Benefits recipients can expect small increase again
For the second straight year, millions of Social Security recipients, disabled veterans and federal retirees can expect historically small increases in their benefits come January.
Preliminary figures suggest a benefit increase of roughly 1.5 percent, which would be among the smallest since automatic increases were adopted in 1975, according to an analysis by The Associated Press.
Next year’s raise will be small because consumer prices, as measured by the government, haven’t gone up much in the past year.
The exact size of the cost-of-living adjustment, or COLA, won’t be known until the Labor Department releases the inflation report for September. That was supposed to happen Wednesday, but the report was delayed indefinitely because of the partial government shutdown.
The COLA is usually announced in October to give Social Security and other benefit programs time to adjust January payments. The Social Security Administration has given no indication that raises would be delayed because of the shutdown.
Gunmen abduct seven humanitarian-aid workers
Gunmen abducted six Red Cross workers and a Syrian Red Crescent volunteer after stopping their convoy early Sunday in northwestern Syria, a spokesman said, in the latest high-profile kidnapping in the country’s civil war.
Simon Schorno, a spokesman for the International Committee of the Red Cross in Damascus, said the assailants snatched the seven aid workers from their convoy near the town of Saraqeb in Idlib province around 11:30 a.m. local time as the team was returning to Damascus.

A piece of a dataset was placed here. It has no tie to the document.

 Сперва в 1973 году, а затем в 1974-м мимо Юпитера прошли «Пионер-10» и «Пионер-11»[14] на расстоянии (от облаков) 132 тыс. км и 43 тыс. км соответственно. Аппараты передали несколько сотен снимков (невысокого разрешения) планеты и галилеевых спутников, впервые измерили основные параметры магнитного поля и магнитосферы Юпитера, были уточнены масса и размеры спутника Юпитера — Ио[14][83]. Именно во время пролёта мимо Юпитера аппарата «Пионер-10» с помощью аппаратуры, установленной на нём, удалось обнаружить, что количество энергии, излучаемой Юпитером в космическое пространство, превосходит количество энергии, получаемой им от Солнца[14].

He declined to provide the nationalities of the six ICRC employees, and said it was not clear who was behind the attack.
Syria’s state news agency, quoting an anonymous official, said the gunmen opened fire on the ICRC team’s four vehicles before seizing the Red Cross workers.
The news agency blamed “terrorists,” a term the government uses to refer to those opposed to President Bashar Assad.
Schorno said the team of seven had been in the field since Oct. 10 to assess the medical situation in the area. He said the part of northern Syria where they were seized “by definition is a difficult area to go in,” and the team was traveling with armed guards.
Mass evacuations prevent widespread cyclone deaths
Mass evacuations spared India the widespread deaths many had feared from a powerful cyclone that roared ashore over the weekend, officials said Sunday, as the country sorted through the wreckage of flooded towns, tangled power lines and tens of thousands of destroyed thatch homes.
Cyclone Phailin, the strongest storm to hit India in more than a decade, destroyed hundreds of millions of dollars’ worth of crops, but more than 20 hours after it made landfall in Orissa state on the country’s east coast, authorities said they knew of only 17 fatalities.
The final death toll is expected to climb further as officials reach areas of the cyclone-battered coast that remain isolated by downed communication links and blocked roads.
But the evacuation of nearly 1 million people appeared to have saved many lives.
“Damage to property is extensive,” said Amitabh Thakur, the top police officer in the Orissa district worst-hit by the cyclone. “But few lives have been lost,” he said, crediting the mass evacuations.
SIOUX FALLS, S.D.
South Dakota blizzard kills tens of thousands of cattle
Western South Dakota ranchers are reeling from the loss of tens of thousands of cattle in last weekend’s blizzard, and many will dispose of carcasses in pits set to open Monday.
Rancher Heath Ferguson said the storm killed 96 percent of his herd of 100 black Angus and Limousin cattle, a hit worth about $250,000.
He said total losses topped more than 1,000 head, as six other herds were roaming the family’s 16,000 acres east of Sturgis.
Up to 4 feet of snow fell in the Black Hills area last weekend. Reports of 20 or more inches of snow were common, and 21½ inches in Rapid City were a record for both a 24-hour period in October and the entire month.
At least two deaths were attributed to the storm, and it took a particularly heavy toll on livestock.
Ferguson said the vast majority of ranchers don’t have insurance covering storm-related damage.
“It’s cost-prohibitive for a producer,” he said Sunday in an interview with The Associated Press.
“Unless you’re a really big operator, you can’t afford to pay for the insurance,” Ferguson added.